Study setting and data sources

This is a retrospective cohort study. We obtained data from the Korean National Health Insurance Service (K-NHIS) database. The K-NHIS covers approximately 97% of Koreans, whereas the remaining 3% of Koreans who cannot afford national insurance are covered by the Medical Aid Program [21]. Therefore, the K-NHIS database represents the entire population of South Korea and contains national records of all covered inpatient and outpatient visits, procedures, and prescriptions. The NHIS data includes modules on insurance eligibility and medical treatment. The insurance eligibility module contains information on age, sex, residential area, and income level. The medical treatment module contains information on treatment, including diseases and prescriptions [22].

For this study, we included patients aged ≥ 18 years who were diagnosed with cardiogenic shock and admitted to the ICU at tertiary hospitals between January 1, 2010, and December 31, 2020 (N = 81,156).

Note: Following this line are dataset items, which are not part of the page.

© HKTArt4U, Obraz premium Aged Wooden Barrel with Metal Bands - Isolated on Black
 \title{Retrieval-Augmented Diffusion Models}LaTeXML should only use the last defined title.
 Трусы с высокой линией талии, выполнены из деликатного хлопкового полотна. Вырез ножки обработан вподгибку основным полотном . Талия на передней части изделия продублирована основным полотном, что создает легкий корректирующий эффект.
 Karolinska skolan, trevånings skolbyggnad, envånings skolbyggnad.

Patients with cardiogenic shock were defined as having been admitted to the ICU with the diagnostic code for cardiogenic shock (International Classification of Disease, 10th revision codes: R57.0) and the presence of at least one of the following conditions: (1) presence of extracorporeal membrane oxygenation (ECMO) procedure code (K-NHIS procedure codes: O1901-O1904) or intra-aortic balloon pump (IABP, K-NHIS procedure codes: O1921, O1922); (2) prescription of vasoactive drugs including dopamine, norepinephrine, epinephrine, and vasopressin for at least 1 day and presence of mechanical ventilation (K-NHIS procedure codes: M5857, M5858, and M5860) or continuous renal replacement therapy (CRRT, K-NHIS procedure codes: O7031-O7034, O7051-O7054); or (3) prescription of a vasoactive drug for at least 2 days. Among the participants, we excluded those with anaphylaxis, as epinephrine can be used to treat it (codes: T78.0–T78.4, N = 159), and those with a history of shock (N = 8033). We also excluded participants with “missing” on the nursing grade (N = 14). The final sample size included 72,950 patients. The study was approved by the Institutional Review Board of Samsung Medical Center (2021-08-147) and informed consent was exempted because we only accessed de-identified data.

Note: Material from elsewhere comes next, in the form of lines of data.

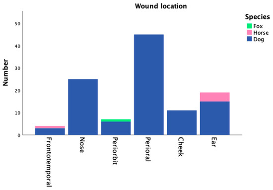 The most common site was the perioral region (40.5%), followed by the nose (22.5%) and the ear (17.1%). This is basically consistent with other studies [5,20,21] and may be caused by their exposed location. Horse bites mainly addressed the periauricular and frontotemporal area, whereas injuries especially in the perioral and nasal tissues were exclusively caused by dogs (p < 0.001). This might result from the different directions of the attacks. Dogs commonly attack from the bottom up, so the victim’s perioral tissue is more reachable for them. Horse bites were exclusively noticed in female patients (p = 0.032) as, in our region, the most common contact with horses originates from horseback riding.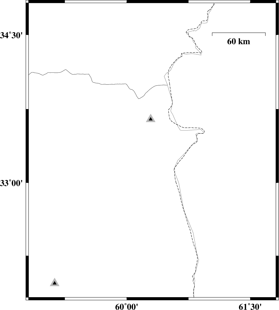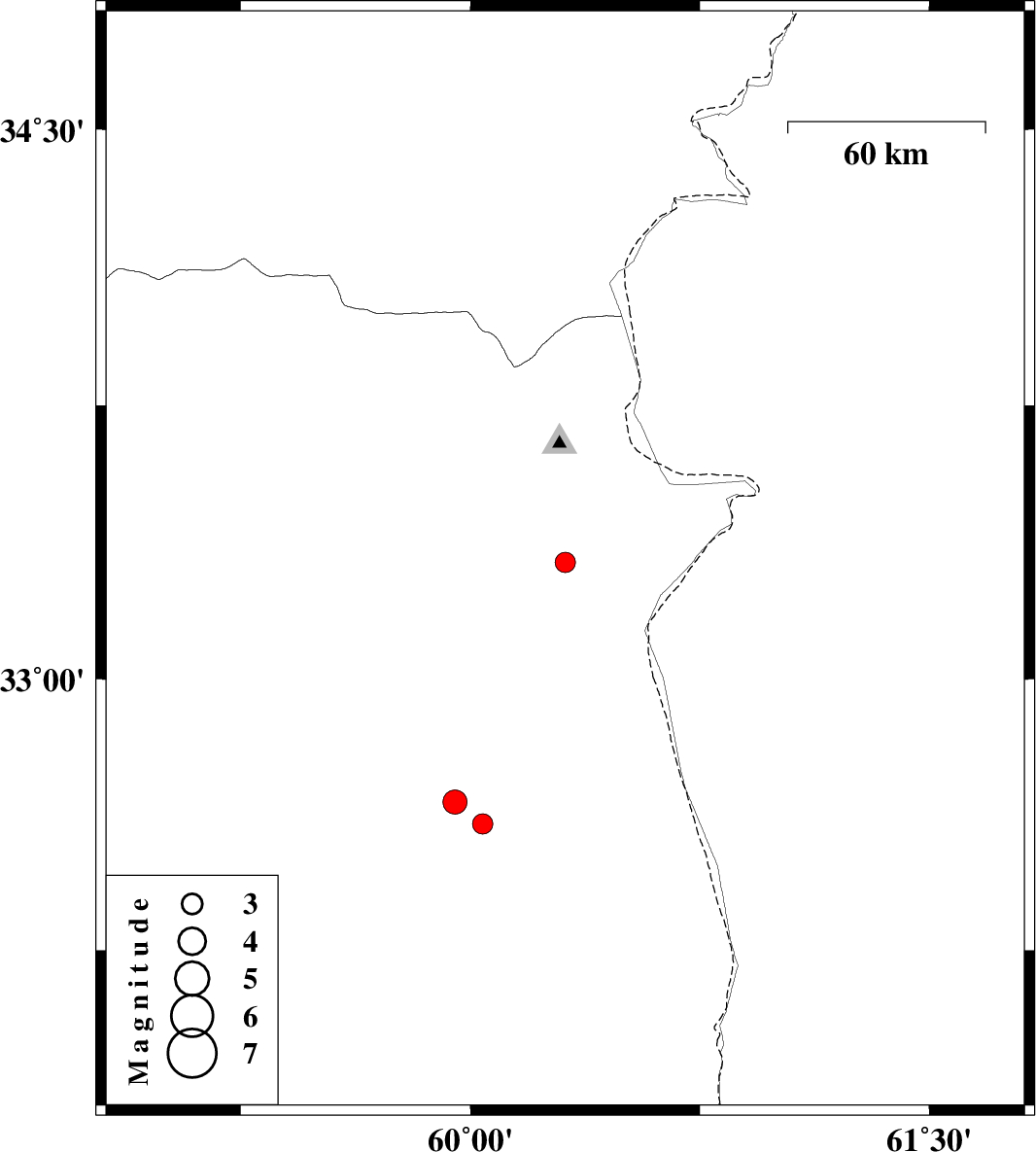 | 2011/08/13 | 01:22:26.8 | 05:52:26.8 | 32.6 | 60.04 | 14 | ML:3 | Khorasan(south) Province, 23 km East of Sarbisheh | ||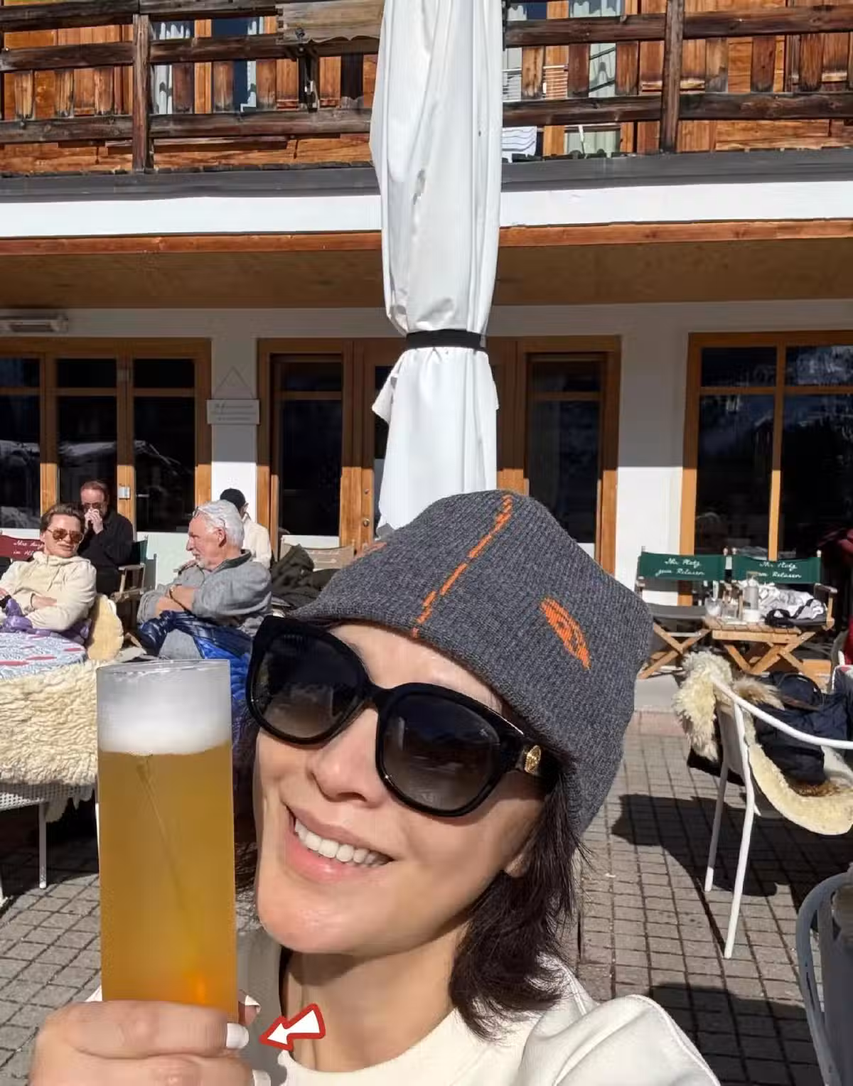 在雪山腳下的劉嘉玲真的好愜意,喝著啤酒,吃著披薩,陽光溫暖又和煦,難掩生活美好的美麗心情。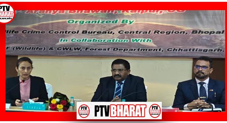 PTV BHARAT 14 NOV 2025 भारत सरकार के पर्यावरण, वन एवं जलवायु परिवर्तन मंत्रालय, वन्यजीव अपराध नियंत्रण ब्यूरो, मध्य क्षेत्र मुख्यालय भोपाल, छत्तीसगढ़ वन विभाग तथा विभिन्न राज्यों के वन विभागों द्वारा आज नवा रायपुर के अरण्य भवन में वन्यजीव अपराध रोकथाम पर अन्तर एजेंसी की बैठक आयोजित की गई। बैठक में रेलवे, पुलिस, वन विभाग, केंद्रीय एजेंसियों तथा विभिन्न विशेषज्ञ संस्थाओं के अधिकारी शामिल हुए।बैठक में वन बल प्रमुख व्ही श्रीनिवास राव, मध्यप्रदेश, छत्तीसगढ़, उड़ीसा तथा झारखंड के वरिष्ठ वन अधिकारी, पुलिस अधिकारी, वन्यजीव अपराध नियंत्रण ब्यूरो के अधिकारी, फॉरेंसिक विशेषज्ञ सहित अन्य संबंधित विभागों के अधिकारी मौजूद रहे तथा वीडियो कॉन्फ्रेंसिंग के माध्यम से विभिन्न राज्यों के 35 अधिकारी भी जुड़े।बैठक में वन्यजीव अपराधों की रोकथाम, अपराधियों पर प्रभावी कार्रवाई, तस्करी नेटवर्क की पहचान, अदालतों में केस प्रस्तुत करने की प्रक्रिया और विभिन्न विभागों के बीच बेहतर समन्वय पर विस्तृत चर्चा की गई। देशभर में बढ़ते वन्यजीव अपराधों को देखते हुए सभी विभागों ने अपने-अपने सुझाव और अनुभव को साझा किया।

ICU nursing grade was defined using codes for ICU nursing-grade admission fees (K-NHIS procedure codes: AJ11–AJ19, AJ21–AJ29, and AJ31–AJ39), which represent the ratio of the number of beds to nurses. ICU nursing grades were categorized into nine (grades 1–9): grade 1 (the best) indicated that the ratio of the number of beds per nurse was less than 0.5, and grade 9 (the worst) indicated that the ratio was ≥ 2.5. For this study, we made three groups according to the ICU nursing grade: grade 1 (bed-to-nurse ratio < 0.5), grade 2 (0.5 ≤ bed-to-nurse ratio < 0.63), and grade 3 (0.63 ≤ bed-to-nurse ratio < 0.77) or above.

In-hospital mortality was defined as the receipt of an insurance death code at index admission. All-cause mortality was defined as the receipt of an insurance death code during the follow-up period (until December 31, 2020).

Information on the underlying disease, interventions, demographics, and hospital characteristics was based on claim codes. We used the Korean Classification of Disease, sixth edition, which is a modified version of the International Classification of Disease, 10th revision adapted for use in the Korean health system [23]. Cardiopulmonary resuscitation (CPR) at admission was defined as the presence of a CPR procedure code (K-NHIS procedure codes: M5871, M5873, M5874, M5875, M5876, and M5877) in the emergency room prior to admission for the patients admitted from the emergency room. Interventions for critical care included the use of mechanical ventilation for more than 3 h (K-NHIS procedure codes: M5857, M5858, and M5860), ECMO (O1901–O1904), hemodialysis including CRRT (O7051-O7054), hemodialysis (O7020), and peritoneal dialysis (O7062). We identified the use of vasopressor drugs such as dobutamine (Anatomical Therapeutic Chemical [ATC] code: C01CA07), dopamine (ATC code: C01CA04), epinephrine (ATC code: C01CA24), and norepinephrine (ATC code: C01CA03) for more than 2 days using Korean drugs and anatomical therapeutic chemical codes. We calculated hospital volumes using the number of patients per year. We also collected the total medical costs during the index hospitalization.

Statistical analysis

Chi-square and Student’s t-tests were used to compare categorical and continuous variables, respectively. The primary outcome of this study was in-hospital mortality. We calculated odds ratios (ORs) with 95% confidence intervals (CIs) for in-hospital mortality using logistic regression. We adjusted for age, sex, cause of admission, comorbidities, use of multiple vasopressors, mechanical ventilation, IABP, ECMO, CRRT, and hospital volume to account for potential confounding factors. To account for potential non-linear associations between continuous covariates and outcomes, age and hospital volume included in the model using restricted cubic splines with 4 knots (solid curve). According to the guideline for improving causal inference, covariables were selected a priori based on their possible associations with ICU nursing grade and outcomes [24]. In addition, we explored the association between the ratio of the number of beds to nurses and in-hospital mortality in pre-specified, clinically relevant subgroups defined by age, sex, CPR at admission, multiple vasopressor use, mechanical ventilation, and ECMO. For all-cause mortality, patients were followed from the date of admission until the date of death or December 31, 2020 (end of the study), whichever occurred first. Cumulative all-cause mortality during the entire study period was estimated using the Kaplan–Meier method, and log-rank tests were used to evaluate the differences between the groups. We calculated the hazard ratios (HRs) with a 95% CI for all-cause mortality using a Cox regression model. We examined the proportional hazard assumption using plots of the log–log survival function and Schoenfeld residuals.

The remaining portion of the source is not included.